Besucher mit Feldstecher beobachtet die Tierwelt im Masoala-Regenwald des Zoo Zürich Besucher mit Feldstecher beobachtet die Tierwelt im Masoala-Regenwald des Zoo Zürich
© Peter Dollinger, Zoo Office Bern

Das 20./21. Jahrhundert steht für den Wandel des Zoos von der Menagerie zum Naturschutzzentrum. Meilensteine hinsichtlich der Tierpräsentation sind die gitterlosen Panoramen von Carl Hagenbeck, das Geozoo-Konzept des Münchener Tierparks Hellabrunn, die Immersionsgehge wie sie in Europa erstmals in größerem Stil im Burgers Zoo von Arnheim realisiert wurden, und die Gestaltung ganzer Gartenteile als „Erlebniswelten“, wie es sie heute in Gelsenkirchen, Hannover, Leipzig oder Zürich gibt.
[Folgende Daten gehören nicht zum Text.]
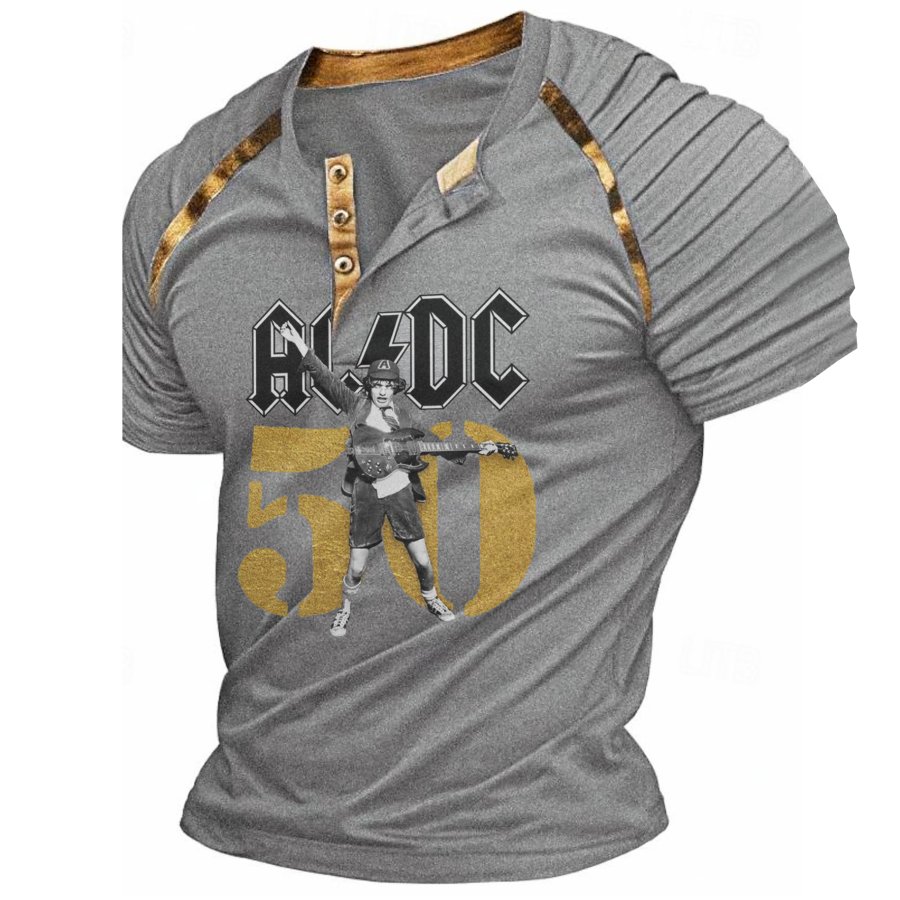 Camiseta Vintage De Manga Corta Con Cuello En V Y Estampado De 50 Años De Hells Bells De ACDC Rock Band Para Hombre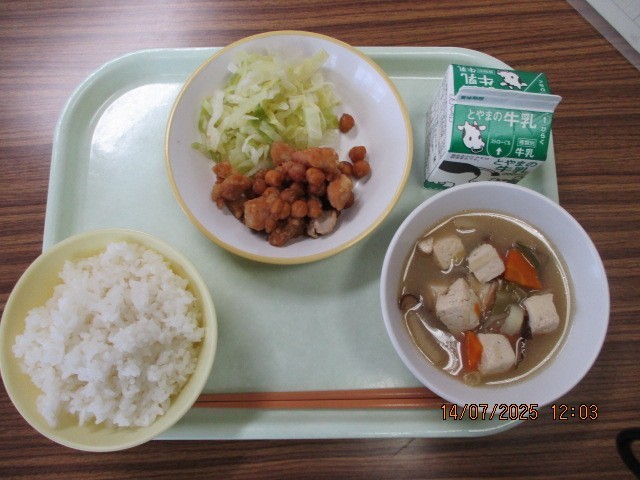 ごはん、牛乳、鶏肉とひよこ豆の甘からめ、ゆでキャベツ、けんちん汁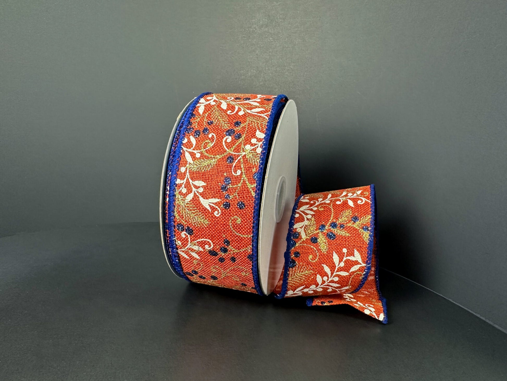 615020931 1.5"x10YDS Rust :om/Ivy Gold Vines Navy Glitter Berries
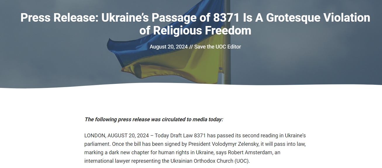 Адвокат Української православної церкви Роберт Амстердам назвав ухвалений сьогодні Верховною Радою законопроект про фактичну заборону церкви "релігійним чищенням" та "новою чорною сторінкою в історії порушень прав людини в Україні".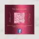Un arrière - plan à dégradé bordeaux. Personnalisez et ajoutez votre nom d'entreprise, votre propre code qr à votre compte Facebook et un texte. Le texte : Suivez-nous ! Avant ou arrière : votre logo et vos coordonnées.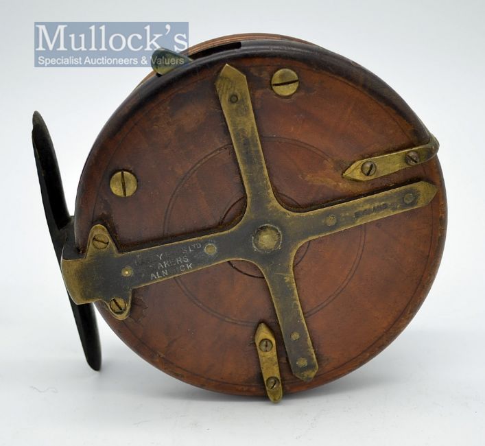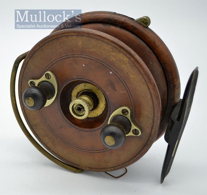 Scarce Hardy Bros Nottingham Silex Action wooden and brass star back reel c.1910 – 4.5” dia back plate, bickerdyke line guide, twin black handles, knurled locking nut, on/off rim lever check, knock the foot – appears all original.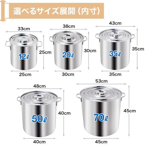 寸胴 鍋 業務用 ステンレス スープ鍋 調理器具 大容量 70l 大鍋 両手鍋 アウトドア レジャー キャンプ 大人数 大型 45cm 寸胴鍋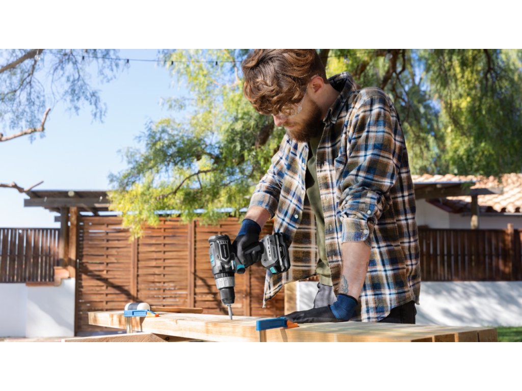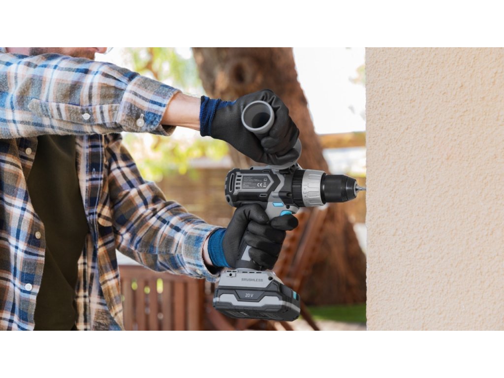 Akumulátorová příklepová vrtačka 20 V, 2000 mAh, bezkartáčová technologie, 2000 otáček za minutu bez zátěže, 30 000 úderů za minutu, maximální točivý moment 46 Nm s 25+1+1 polohami točivého momentu a 2 rychlostmi, rychloupínací automatické sklíčidlo 2-13 mm, pracovní osvětlení a až 30minutová autonomie.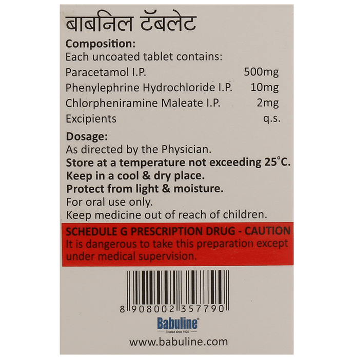 description:Babnyl Tablet is a medicine used in the treatment of common cold symptoms. It provides relief from symptoms such as headache, sore throat, runny nose, muscular pain, and fever. Babnyl Tablet can be taken with or without food. The dose and duration will depend on the severity of your condition. You should keep taking the medicine even if you feel better until the doctor says it is alright to stop using it.Using this medicine may cause a few common side effects such as nausea, vomiting, sleepiness, dizziness, and headache. If any of these side effects do not resolve with time or get worse, you should let your doctor know. Your doctor may be able to suggest ways of preventing or reducing the side effects. In general, you should try to use the smallest amount necessary to control your symptoms.Before using the medicine, you should tell your doctor if you have any other medical conditions or disorders. To make sure it is safe, you should let your doctor know all the other medicines you are taking. Also, tell your doctor if you have any problems with the liver or kidneys. Avoid consumption of alcohol while on treatment with this medicine as it may increase the chance of some side effects. Pregnant and breastfeeding women should consult their doctors first before using the medicine.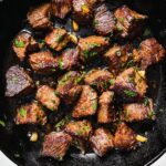 4. Finish: Return the seared steak bites to the skillet with the garlic butter and toss well to coat each piece evenly with the flavorful sauce. Serve immediately, garnished with chopped parsley if desired, to add a fresh, vibrant touch.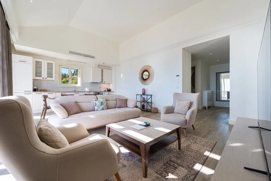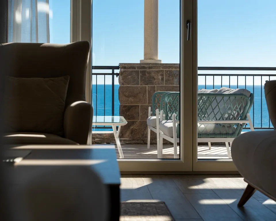 A spacious living room with floor-to-ceiling glass doors and direct access to the terrace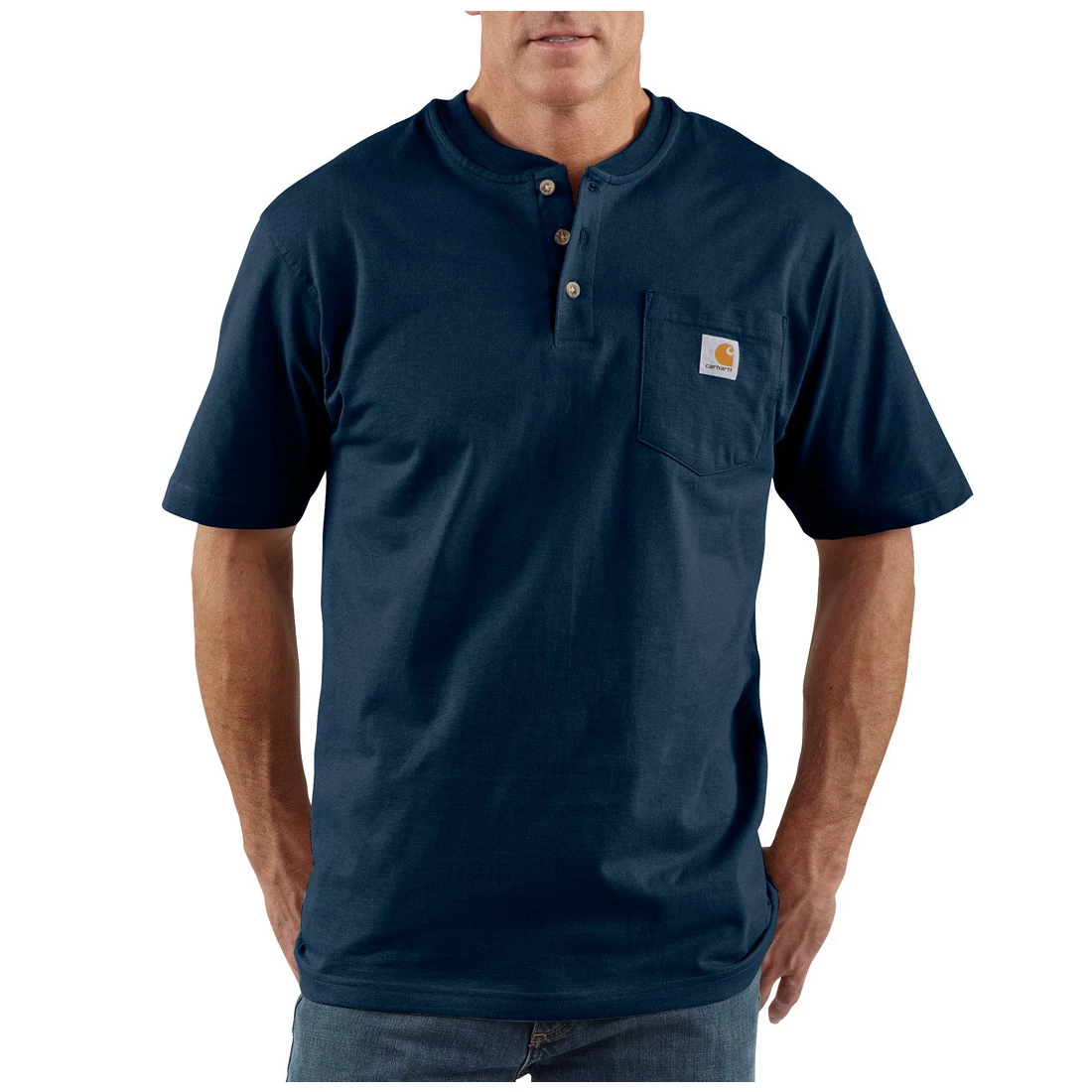 This men’s short-sleeve henley t-shirt is built to last from heavyweight cotton jersey. Cut with an original fit so you have room to move. A Carhartt patch sits on the chest pocket. Solid colors: 6.75-ounce, 100% cotton jersey knit; Heather Gray: 90% cotton / 10% polyester jersey knit; All other heathers: 60% cotton / 40% polyester jersey knit Original fit Henley collar with three-button front Rib-knit crewneck holds its shape throughout the day Side-seam construction minimizes twisting Left-chest pocket with sewn-on Carhartt patch Tagless neck label for a smooth feel Model height: 6’2″; Chest size: 40.5″; Wearing size M Imported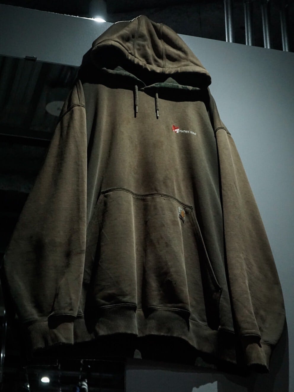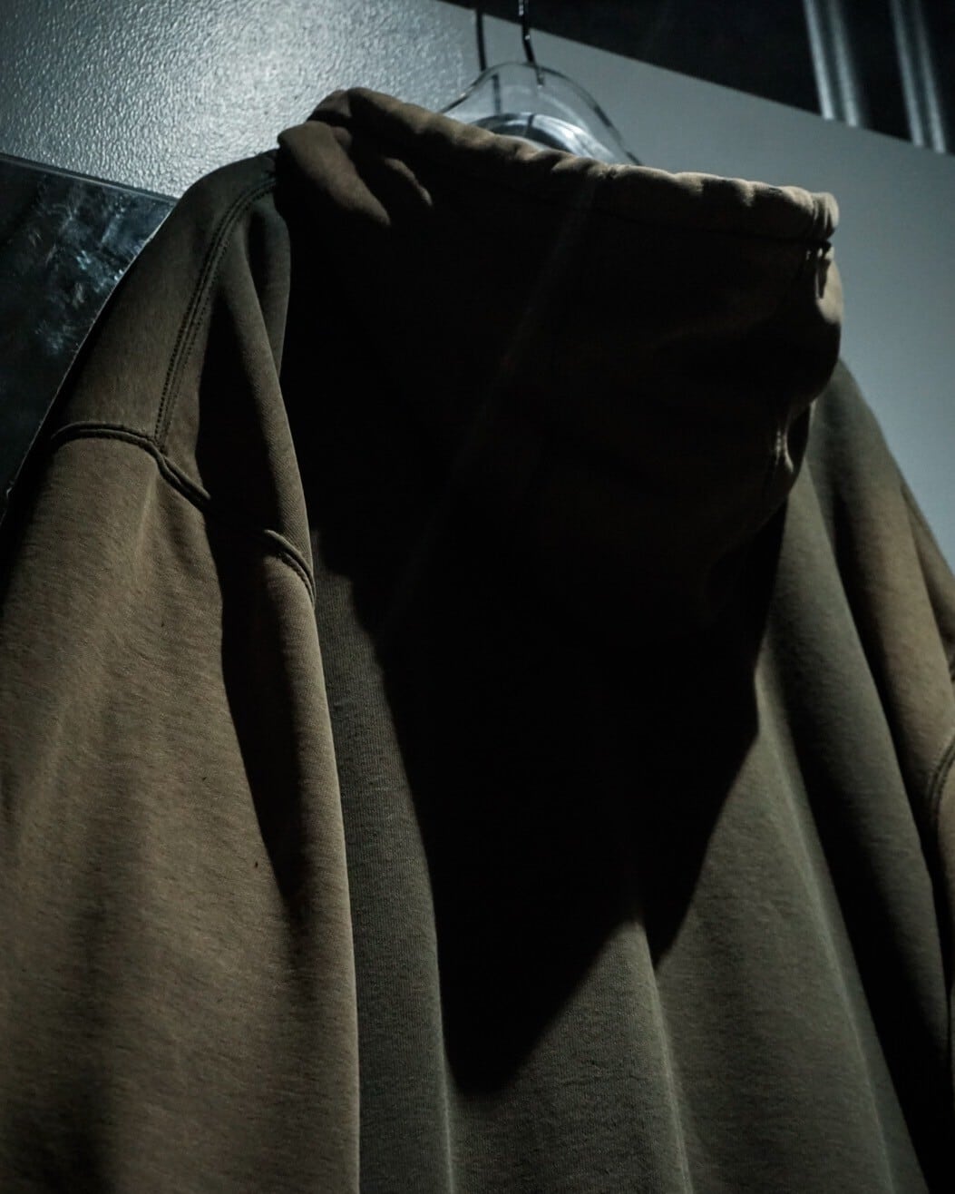肉感のある、美しくフェードしたブラウンのスウェット生地を用いたハーフジップフーディに、経年変化によるエイジングが載せられた1着。

Einen Meilenstein für das Wohlergehen der Zootiere stellte die Veröffentlichung des Buchs "Wildtiere in Gefangenschaft - ein Grundriss der Tiergartenbiologie" durch den Schweizer Zoodirektor und Tierpsychologen HEINI HEDIGER (Biographie) im Jahr 1942 dar. Mit diesem 1950 auch auf Englisch verlegten Werk etablierte sich die Tiergartenbiologie als eigenständige Disziplin, die mit ihren praktisch anwendbaren Erkenntnissen und ihrem philosophischen Grundgerüst die Weiterentwicklung des Zoos von der Menagerie zum Naturschutzzentrum ermöglicht hat.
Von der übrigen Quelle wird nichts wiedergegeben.